**Assigned task:**
Only one stretch of the listing below is wanted. Begin at the line that has "- Мормишка Гвоздик", stop after the line that has "10K Rose Gold", and repeat every line in between exactly.

**Excerpted records:**

• • • •

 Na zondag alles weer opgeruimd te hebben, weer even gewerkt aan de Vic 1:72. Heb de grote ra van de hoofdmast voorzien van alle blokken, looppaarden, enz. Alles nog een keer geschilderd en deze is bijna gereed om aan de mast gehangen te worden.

• • • •

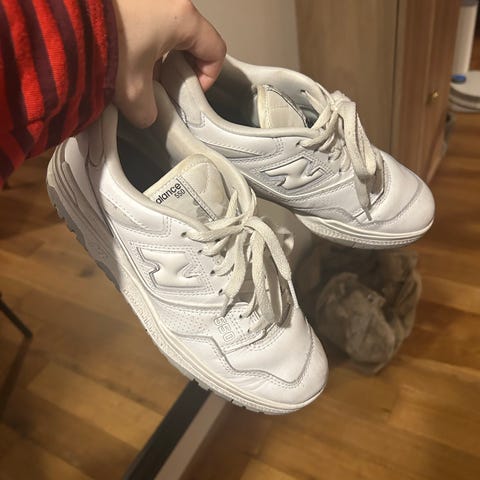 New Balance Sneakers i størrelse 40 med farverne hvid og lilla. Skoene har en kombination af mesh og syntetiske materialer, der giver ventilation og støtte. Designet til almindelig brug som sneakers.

• • • •

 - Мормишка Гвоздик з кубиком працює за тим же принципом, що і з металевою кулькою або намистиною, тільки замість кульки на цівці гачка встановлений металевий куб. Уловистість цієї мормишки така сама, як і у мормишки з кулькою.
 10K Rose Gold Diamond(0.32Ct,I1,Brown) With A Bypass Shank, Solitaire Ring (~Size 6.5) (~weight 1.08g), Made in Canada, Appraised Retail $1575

• • • •

**Solution to this task:**
 - Мормишка Гвоздик з кубиком працює за тим же принципом, що і з металевою кулькою або намистиною, тільки замість кульки на цівці гачка встановлений металевий куб. Уловистість цієї мормишки така сама, як і у мормишки з кулькою.
 10K Rose Gold Diamond(0.32Ct,I1,Brown) With A Bypass Shank, Solitaire Ring (~Size 6.5) (~weight 1.08g), Made in Canada, Appraised Retail $1575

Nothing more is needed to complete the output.